When Laura and Ivy were routed, he noticed Alene turning as if for flight. However, instead of running away as he had expected, she stooped, picked up the pail of water left by Mat, and, turning back with a sudden movement, dashed the fluid into the boys' faces.
Choked and blinded by the unexpected assault, they fell back.
The smallest boy, who had been in the rear, was the first to recover from the sudden bath. With uplifted hand he made an angry dash at Alene.
"Don't you dare to strike that girl!" cried a boy who came running down from the road. He evidently belonged to the gang but had only appeared on the scene in time to witness their rout. He was a well-built lad of fifteen, with a bearing that showed him to be above his associates, of whom he proclaimed himself the leader by collaring the angry boy who had made the attack on Alene. Then the berry-pickers came hurrying along with cries of, "A rescue, a rescue!" and the strange boys fled, leaving the girls mistresses of the field.
Alene was surprised to find herself a heroine. The girls declared the day lost but for her, and the boys, who had all witnessed the last of the engagement, were loud in her praises.

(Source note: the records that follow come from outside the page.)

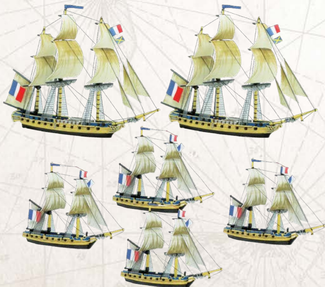
Frigates & Brigs Flotilla SKU: 792010001 £20.00 / $32.00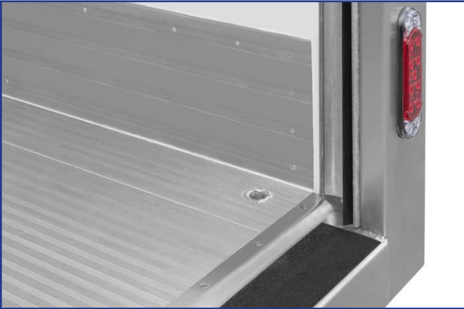
Aluminum Silent Floor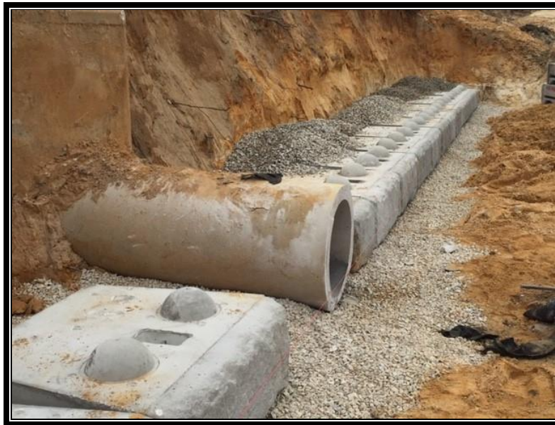
Figure 3: Construction of the west REDI-ROCK retaining wall started. Existing reinforced concrete storm pipe shown and being incorporated in the new retaining wall as per plan.

"I heard that big boy say you were a brave little thing and I agree with him," declared Hugh, who had experienced a sudden compunction for his hasty judgment in the caterpillar affair.
Whereupon the last vestige of Alene's resentment vanished.
"I think I'm entitled to some of the glory," remarked Mat modestly, joining the group around the re-arranged feast. "Didn't I, with remarkable foresight, provide the pail of water for Alene to drown the enemy in?"